Kenya’s corporate bond market is gasping for breath after a string of defaults dampened investor confidence in lending to companies.
CMA data shows that Treasury bonds dominate the market, accounting for 99.92 per cent of the debt market, with corporate bonds at a paltry 0.08 percent.
Kenya has six listed corporate bonds valued at Ksh9.88 billion ($92.33 million) after the Chase Bank bond valued at Ksh4.82 billion ($45.04 million) was suspended from trading after the lender was put into receivership in April 2016.
Investors have lost confidence in the market due to the high default rates by companies on their loan obligations and failure to compensate bondholders once financially distressed firms go under.
Regionally, the corporate bond markets are not doing well either.
Rwanda has had two corporate bonds listed on the Rwanda Stock Exchange (RSE) that included an eight-year corporate bond worth Rwf10 billion ($9.78 million) issued in 2010 by I&M Bank (previously Commercial Bank of Rwanda) that matured in 2018 and five-year bond worth Rwf15 billion ($14.68 million) floated by the International Finance Corporation in 2014.
“Our markets are not deep enough and the instruments limited. They are dominated by traditional bank lending. The money market instruments, particularly the fixed income segment are dominated by government issuance,” said Celestin Rwabukumba, chief executive, RSE.

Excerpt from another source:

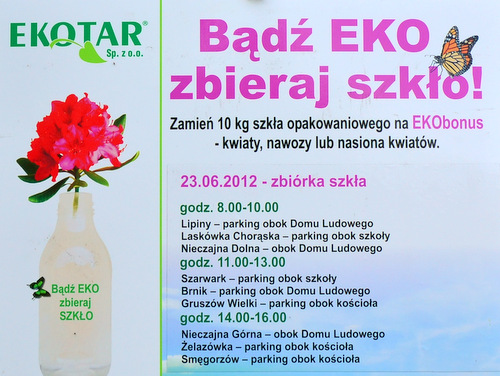 Na terenie gminy Dąbrowa Tarnowska przeprowadzono akcję zbiórki szkła, tj. słoiki, butelki, opakowania po kosmetykach i inne opakowania szklane. Akcję przeprowadziła firma EKOTAR Sp. z o.o. z siedzibą w Tarnowie, której hasło przewodnie brzmi: bądź EKO zbieraj szkło!!!. Dodatkową motywacją do oddania odpadów szklanych były EKObonusy w postaci kwiatów, nasion i nawozów za każde 10 kg oddanego szkła opakowaniowego. Czytaj dalej lip10

“Companies’ governance structures in general and their accountability also matters. A few corporate bonds have failed in markets like Kenya. Such scandals scare away investors and would-be issuers,” added Mr Rwabukumba.
The Dar es Salaam Stock Exchange has seen nine companies issue 13 corporate bonds worth Tsh173 billion ($74.45 million while in Uganda, the Uganda Securities Exchange has listed one corporate bond since 2013 — sugar manufacturer, Kakira Sugar’s Ush76 billion ($21.35 million) corporate bond.
Only nine corporate bonds have been issued in Uganda, raising a combined Ush289 billion ($81.22 million), with majority of issuers being financial institutions in banking), according to the Capital markets Authority of Uganda.
In 2019, the Ugandan capital markets regulator hired a consultant with support from Financial Sector Deepening Africa to review the Corporate Bond Guidelines, 2003, to make it easier and faster for more private companies and local governments to raise alternative non-bank financing for business growth and project development.